U must know the software detail's throughly then only u can find that it's a pirated one.In some case's it may be easy for example windows xp u can check it online whether it's is legal or not.so it's is diffcult to find it unless u are an expert in the particular software.And i dont feel no software avaliable one if so it may find only one type of program dose it legal or not..


----------



## mail2and (Nov 1, 2005)

rajas700 said:
			
		

> U must know the software detail's throughly then only u can find that it's a pirated one.In some case's it may be easy for example windows xp u can check it online whether it's is legal or not.so it's is diffcult to find it unless u are an expert in the particular software.And i dont feel no software avaliable one if so it may find only one type of program dose it legal or not..



Firstly, rajas you are spamming here...


@abhinav.. go to the admin panel and check the links back to ipb... if the links are proper and they lead to the ipb site.. then yes, it is a legal copy. But, 2 people sharing a single legal copy is also considered illegal.

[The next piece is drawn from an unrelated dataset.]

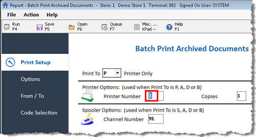 From the Eagle Browser, type QRPRINT in the Launch bar, and press Enter. Alternatively, you can click Reports-->POS Reports-->Batch Print Archived Documents.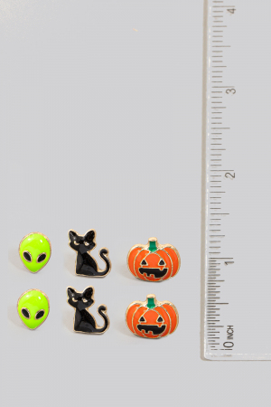 - This pair of earrings brings a stunning three piece enamel halloween set style. Celebrate individual style with this versatile, eye-catching addition.

The last un-restricted free version of ipb was 2.0.0. If you have it, then you can use it freely.


----------



## Deep (Nov 1, 2005)

rajas700 said:
			
		

> U must know the software detail's throughly then only u can find that it's a pirated one.In some case's it may be easy for example windows xp u can check it online whether it's is legal or not.so it's is diffcult to find it unless u are an expert in the particular software.And i dont feel no software avaliable one if so it may find only one type of program dose it legal or not..



IF I SEE YOU SPAMMING AGAIN WITH YOUR *USELESS* ADVICE AND POSTS THEN I WILL BAN YOU 101%


----------



## drgrudge (Nov 1, 2005)

mail2and said:
			
		

> The last un-restricted free version of ipb was 2.0.0. If you have it, then you can use it freely.


That was for a "limited period" only. IPB made that paid within hours, all those who downloaded in that time, got un-restricted free version of IPB was 2.0.0. 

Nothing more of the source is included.